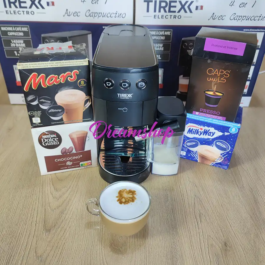 ماكينة تحضير TIREXX 4 في 1 القهوة إسبريسو و الكابتشينو (كابسولات+ قهوة مطحونة + دولتشي جوستو+الكابتشينو )
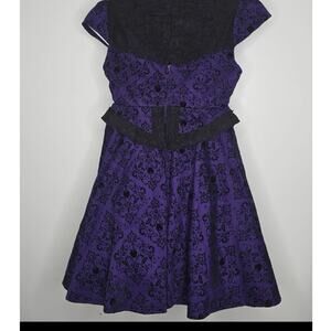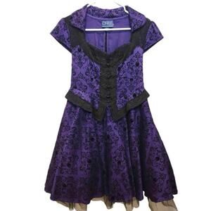 Once Upon a Time Hot Topic Exclusive Regina Purple and Black Witchy Whimsigoth Apple Damask Pattern Lace Tulle Knee Length Villain DressBlack Witchy Whimsigoth Apple Damask Pattern Lace Tulle Knee Length Villain Dress
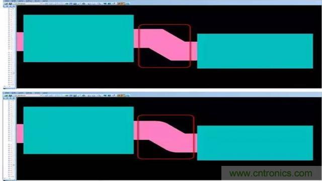 圖2:有效的PCB 設(shè)計工具會自動考慮用于繪制形狀的線型,以計算準確的線條寬度,幫助您輕松創(chuàng)建尖拐角。
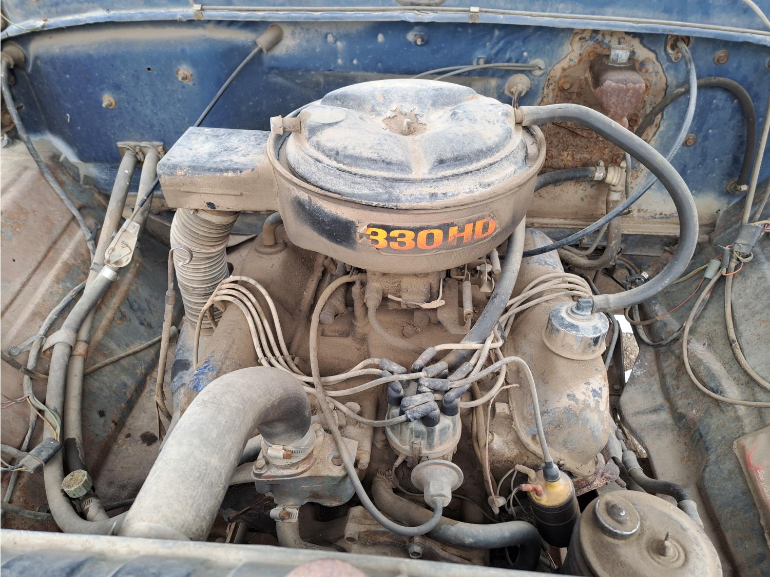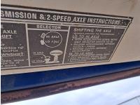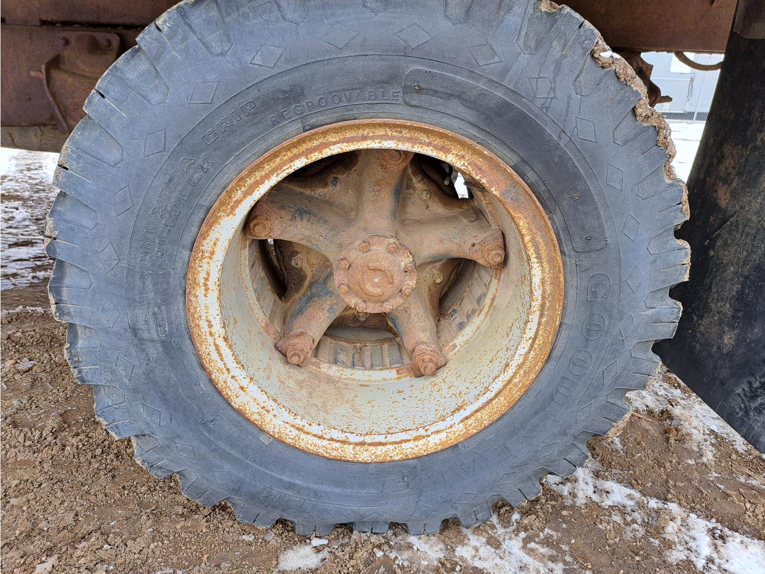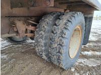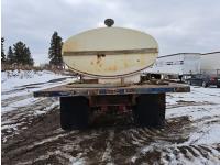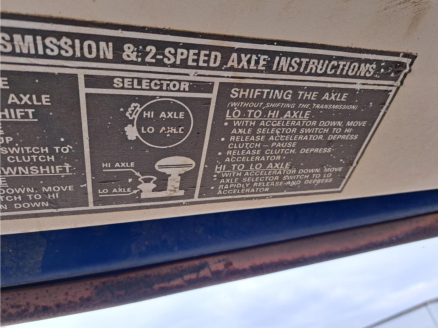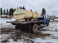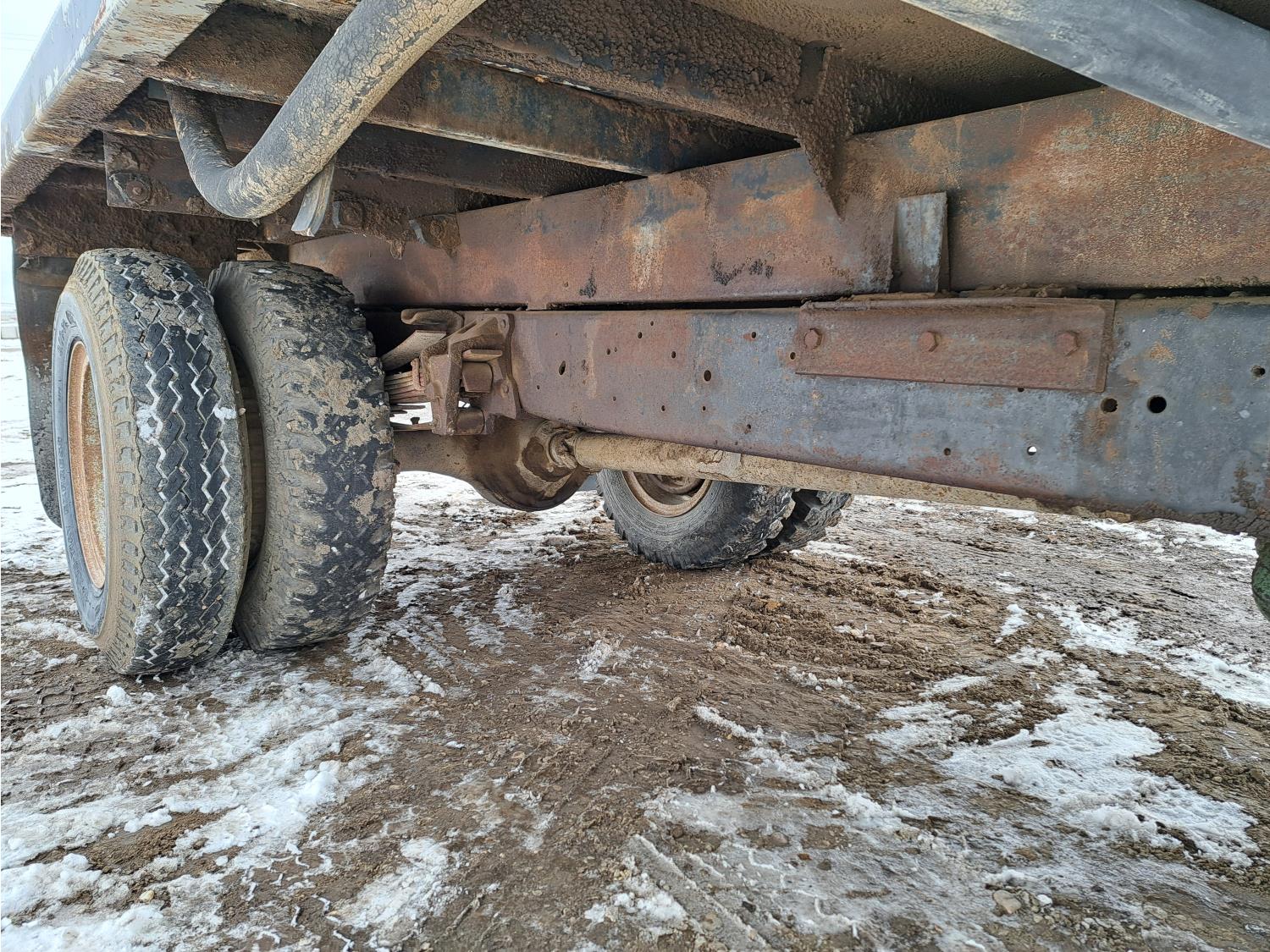 Ford 330 cu in V8 gas engine, 4 speed manual transmission, 8 ft 6 inch x 14 ft deck, 300 & 500 gallon fuel tanks, fuel pump with meter, hose with nozzle, spring suspension, 176 inch WB, 2 speed axle, 9.00-20 tires
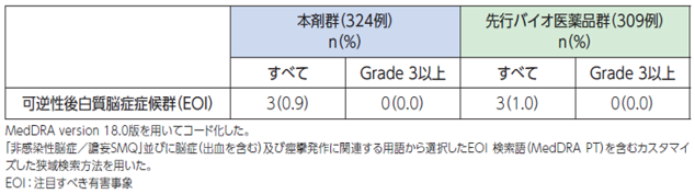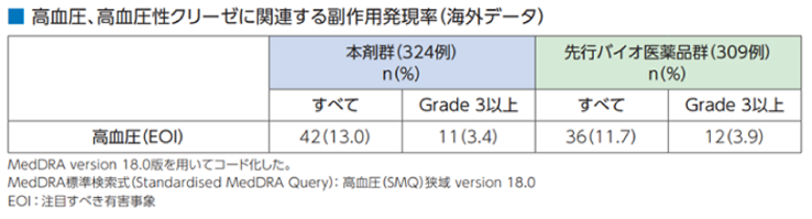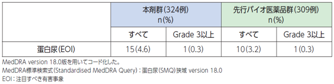 解説:先行バイオ医薬品において国内外での使用経験から重度の蛋白尿(ネフローゼ症候群)が認められており、本剤投与により高血圧が発現、また一般的に腎機能の変化は高血圧発現のリスク因子になることも考慮すると蛋白尿の発現についても高血圧と同様に注意喚起が必要と考えられる。本剤の投与中は尿蛋白の定期的な検査を行うことが望ましい。

● ● ● ● ●

ABOUT THIS TASK =>
Leave the pictures out. Otherwise, output the listing above exactly.

TASK RESPONSE =>
 ماكينة تحضير TIREXX 4 في 1 القهوة إسبريسو و الكابتشينو (كابسولات+ قهوة مطحونة + دولتشي جوستو+الكابتشينو )
 Once Upon a Time Hot Topic Exclusive Regina Purple and Black Witchy Whimsigoth Apple Damask Pattern Lace Tulle Knee Length Villain DressBlack Witchy Whimsigoth Apple Damask Pattern Lace Tulle Knee Length Villain Dress
 圖2:有效的PCB 設(shè)計工具會自動考慮用于繪制形狀的線型,以計算準確的線條寬度,幫助您輕松創(chuàng)建尖拐角。
 Ford 330 cu in V8 gas engine, 4 speed manual transmission, 8 ft 6 inch x 14 ft deck, 300 & 500 gallon fuel tanks, fuel pump with meter, hose with nozzle, spring suspension, 176 inch WB, 2 speed axle, 9.00-20 tires
 解説:先行バイオ医薬品において国内外での使用経験から重度の蛋白尿(ネフローゼ症候群)が認められており、本剤投与により高血圧が発現、また一般的に腎機能の変化は高血圧発現のリスク因子になることも考慮すると蛋白尿の発現についても高血圧と同様に注意喚起が必要と考えられる。本剤の投与中は尿蛋白の定期的な検査を行うことが望ましい。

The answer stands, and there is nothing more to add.